Stored dataset items:
[Start of section]

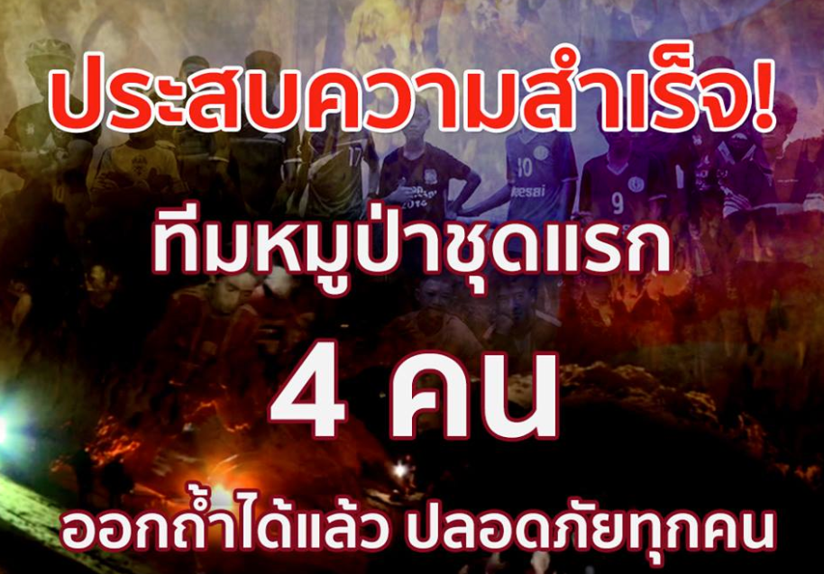 เป็น 16 วันแห่งการรอคอยที่คุ้มค่าที่สุด หลังจากทุกฝ่ายได้ปฏิบัติการอย่างเต็มที่ วันนี้มีความพร้อมทั้งระดับน้ำที่ลดลงไปมาก อากาศที่เอื้ออำนวย สภาพร่างกายและจิตใจของเด็กและพ่อแม่ และทีมบุคลากรที่ทำงาน ซึ่งภารกิจมีทั้งหมด 3 ระยะ คือ ค้นหา กู้ภัย และส่งกลับ ซึ่งสามารถกู้ภัยและส่งตัวน้องๆ 4 คนแรกถึงโรงพยาบาลเชียงรายประชานุเคราะห์อย่างปลอดภัยทุกคน ปฏิบัติการดังกล่าวใช้เจ้าหน้าที่เทคนิคดำน้ำ 13 คน โดย 10 คน เป็นนักดำน้ำ อีก 3 คน เป็นฝ่ายเทคนิค มีเจ้าหน้าที่หน่วยซีลไทย 5 นาย เจ้าหน้าที่ดำน้ำกว่า 90 คน ในจำนวนนี้เป็นชาวต่างประเทศกว่า 50 คน และคนไทยกว่า 40 คน โดยใช้วิธีให้เด็กเกาะอยู่ข้างใต้ตัวเทคนิค ใส่หน้ากากกันน้ำเข้า มีระบบหายใจตามปกติ ให้น้องอยู่ข้างใต้และกอดน้องออกมา ปฏิบัติการวันนี้ประสบความสำเร็จมากกว่าที่คาด คนแรกออกมาจากถ้ำเมื่อเวลา 17.40 น. คนที่สองออกมาหลังจากนั้น 20 นาที นำตัวส่งโรงพยาบาลเชียงรายประชานุเคราะห์โดยรถพยาบาลต่อด้วยเฮลิคอปเตอร์ ส่วนคนที่ 3 และ 4 ออกมาในเวลา 19.40 น.และ 19.50 น.
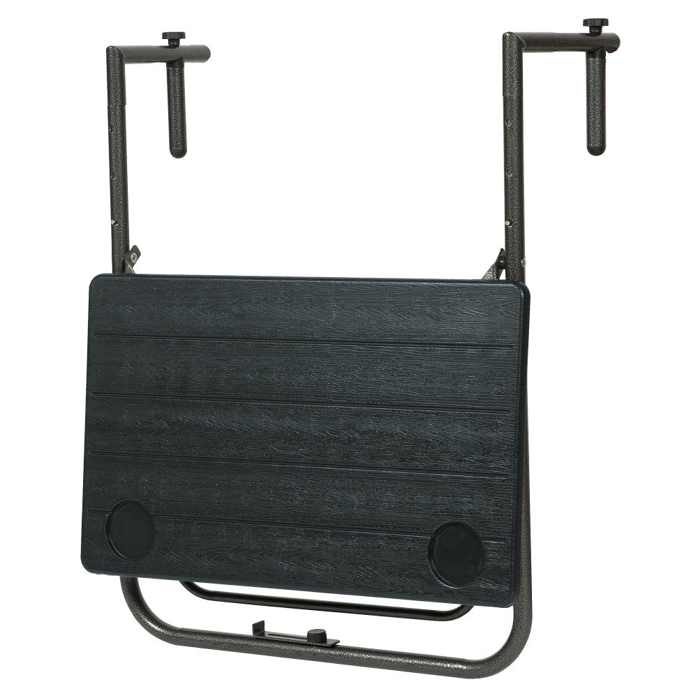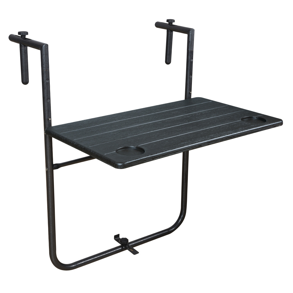 Materiál: ocel/plast Rozměry (ŠxHxV): 60x61x83,5 cm Barva: černá Rozměry stolní desky (ŠxH): 60x36 cm Tloušťka stolní desky: 3,7 cm Tloušťka konstrukce: 1,2 - 2,2 cm Skládací Úspora místa Rozměry ve složeném stavu (ŠxHxV): 60x83,5x22 cm Doporučená šířka zábradlí: 6,4 - 14,5 cm Výškově nastavitelný Nosnost: 50 kg 2 držáky na sklenice Vhodný na balkony, terasy nebo místa s omezeným prostorem Dodáváno v demontu
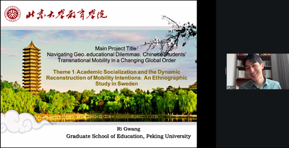 In his presentation, Mr. Ri Gwan examined Chinese students’ transnational mobility in Sweden. Drawing on ethnographic and digital research, he explored how academic and immigration policies shape international students’ educational, career, and life trajectories. He highlighted how students strategically navigate welfare systems, digital communities, and cultural norms such as “lagom” to manage uncertainty and pursue long-term stability, with notable gender differences.
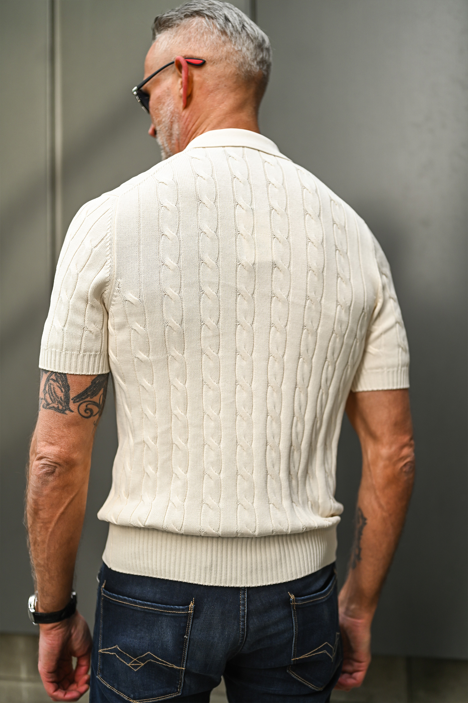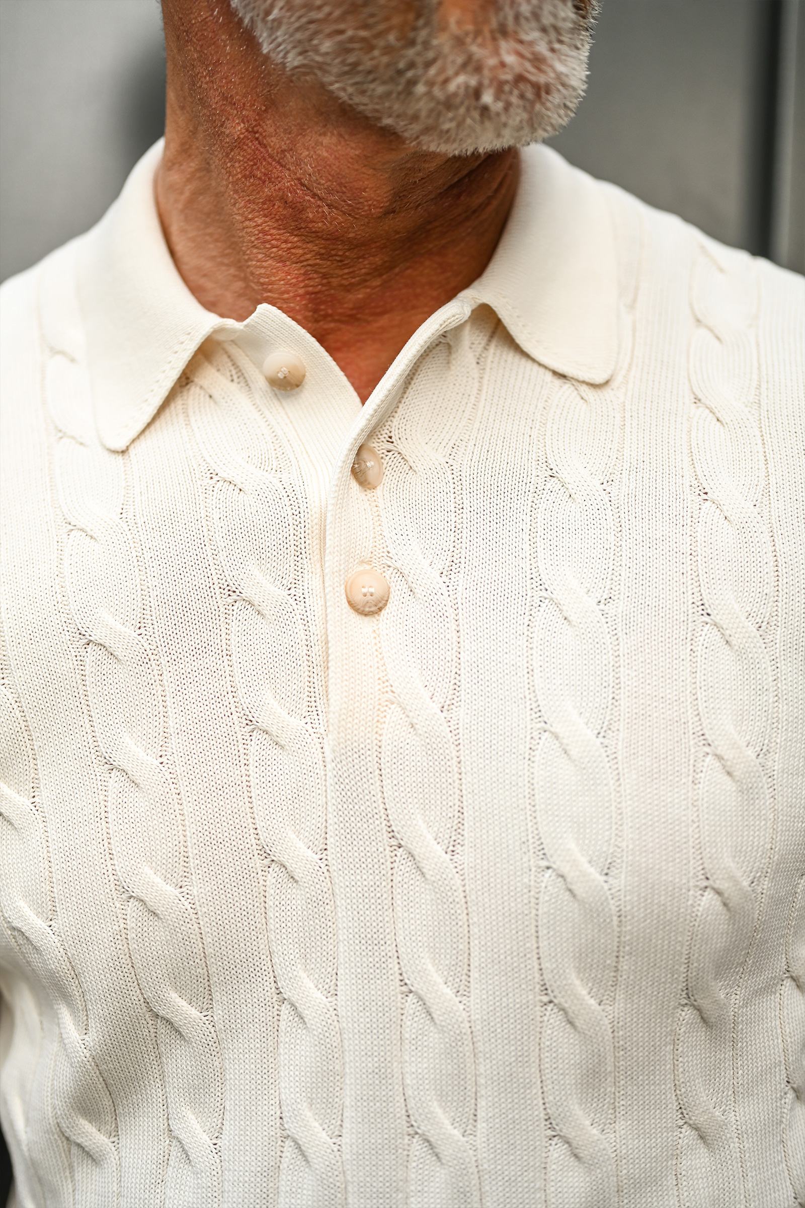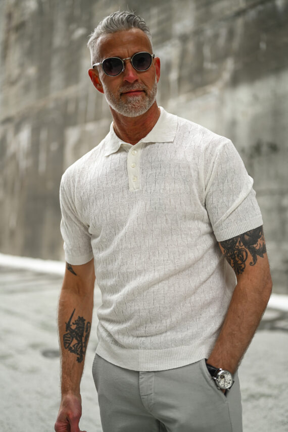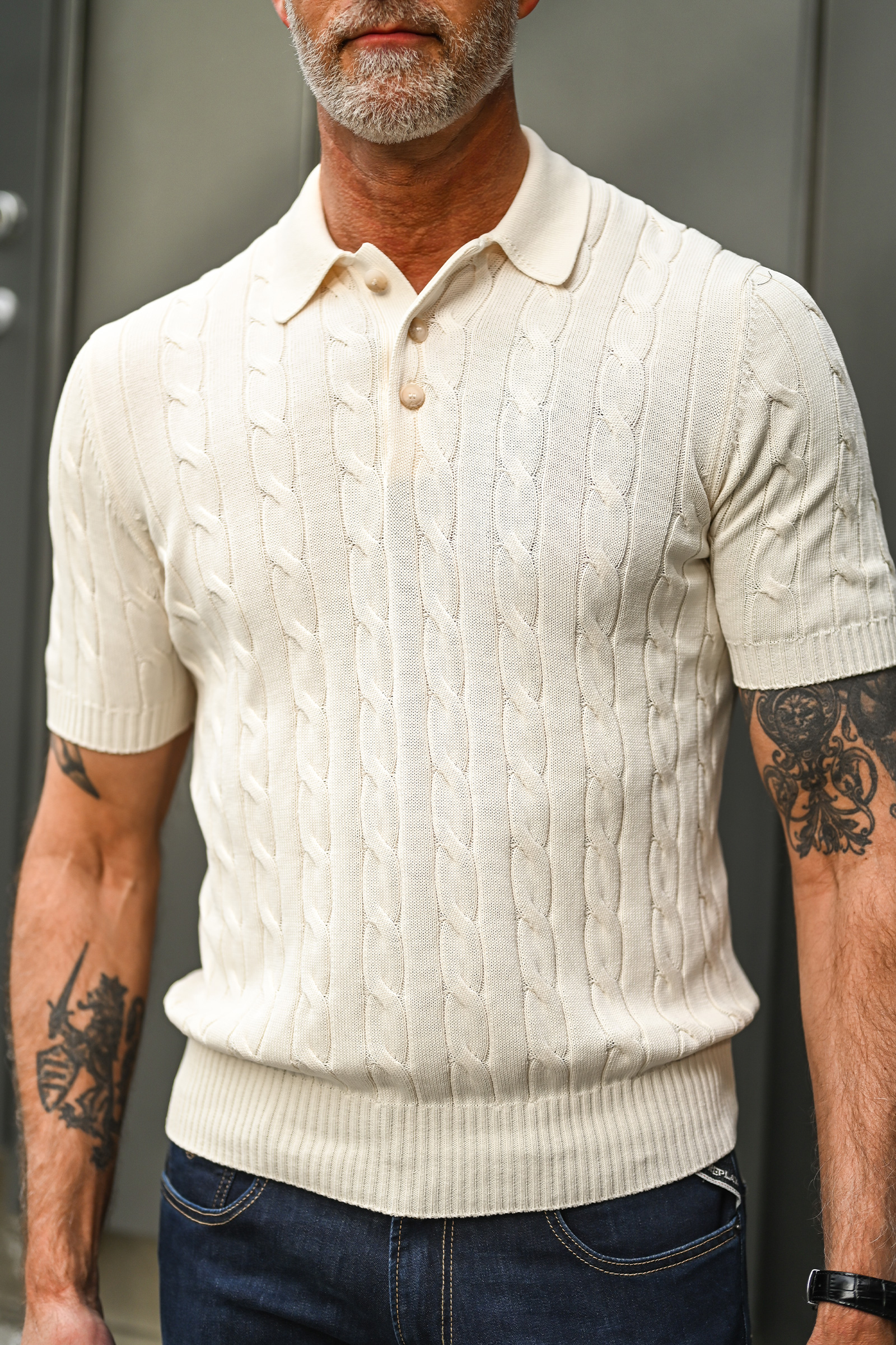 Delikat pique fra Gran Sasso med kabelstrikk. Genseren kommer med krage, rett passform og korte ermer. Den er strikket i 100% bomull som gjør den til en behagelig pique og er perfekt til sesongen vi snart går inn i. Superfin sammen med et par jeans og sneakers for et hverdagslig antrekk, eller med chinos for en mer pyntet look.
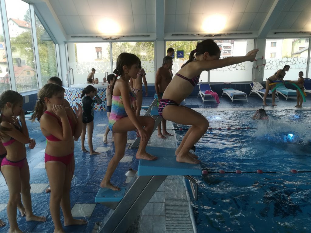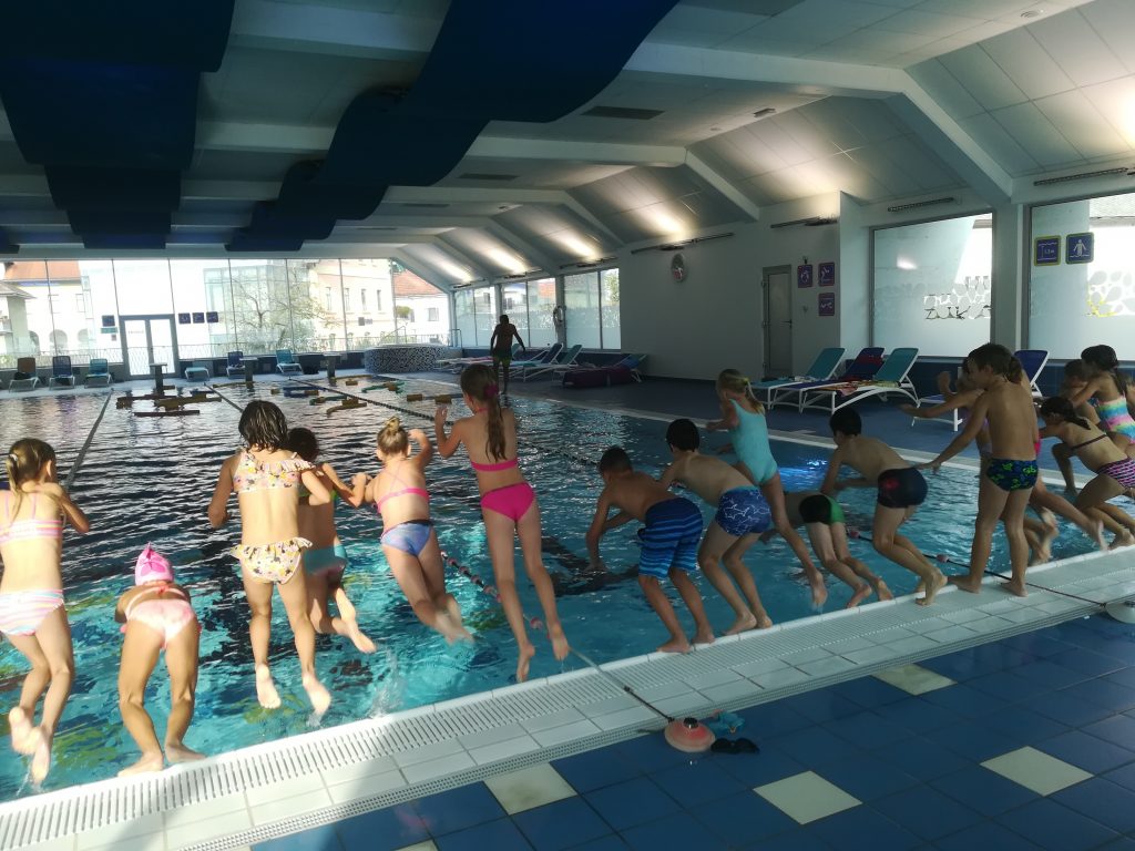 V skupinah so se učili različnih plavalnih tehnik in ostalih plavalnih veščin. Pod vodstvom plavalnih učiteljev Vladija, Saše, Jožeka, Mateja in Špele so pogumno plavali, skakali in se potapljali tudi v globoki vodi.
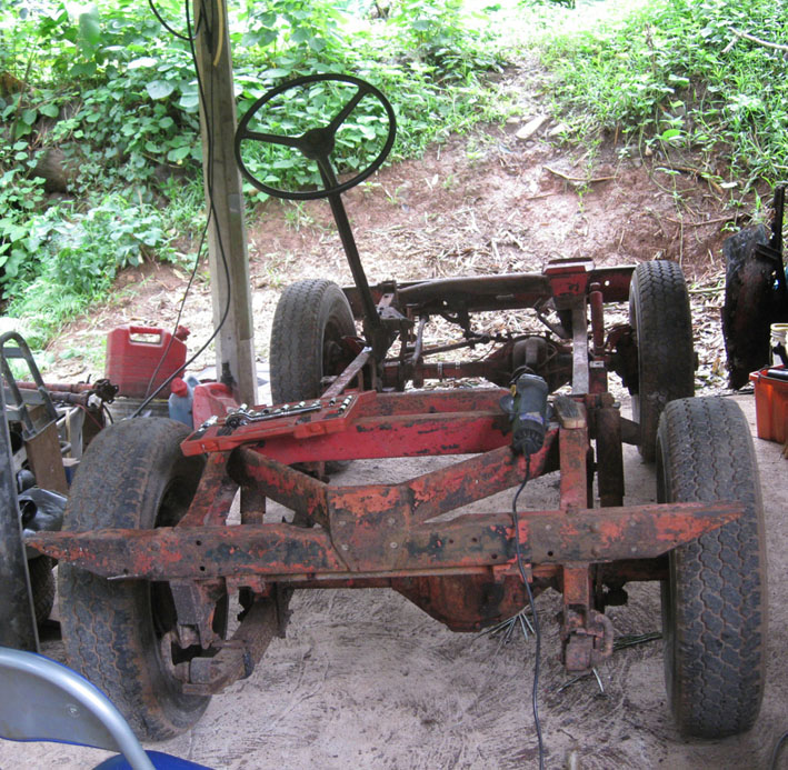 The "good" CJ-3B chassis, stipped of some of the rust, before dismanteling, even the springs.

[End of section]

= TASK TO CARRY OUT =
Find the line that contains "Materiál: ocel/plast Rozměry" and repeat it, along with every line after it to the end of the data, exactly; drop the pictures.

= OUTPUT FOR THIS EXERCISE =
 Materiál: ocel/plast Rozměry (ŠxHxV): 60x61x83,5 cm Barva: černá Rozměry stolní desky (ŠxH): 60x36 cm Tloušťka stolní desky: 3,7 cm Tloušťka konstrukce: 1,2 - 2,2 cm Skládací Úspora místa Rozměry ve složeném stavu (ŠxHxV): 60x83,5x22 cm Doporučená šířka zábradlí: 6,4 - 14,5 cm Výškově nastavitelný Nosnost: 50 kg 2 držáky na sklenice Vhodný na balkony, terasy nebo místa s omezeným prostorem Dodáváno v demontu
 In his presentation, Mr. Ri Gwan examined Chinese students’ transnational mobility in Sweden. Drawing on ethnographic and digital research, he explored how academic and immigration policies shape international students’ educational, career, and life trajectories. He highlighted how students strategically navigate welfare systems, digital communities, and cultural norms such as “lagom” to manage uncertainty and pursue long-term stability, with notable gender differences.
 Delikat pique fra Gran Sasso med kabelstrikk. Genseren kommer med krage, rett passform og korte ermer. Den er strikket i 100% bomull som gjør den til en behagelig pique og er perfekt til sesongen vi snart går inn i. Superfin sammen med et par jeans og sneakers for et hverdagslig antrekk, eller med chinos for en mer pyntet look.
 V skupinah so se učili različnih plavalnih tehnik in ostalih plavalnih veščin. Pod vodstvom plavalnih učiteljev Vladija, Saše, Jožeka, Mateja in Špele so pogumno plavali, skakali in se potapljali tudi v globoki vodi.
 The "good" CJ-3B chassis, stipped of some of the rust, before dismanteling, even the springs.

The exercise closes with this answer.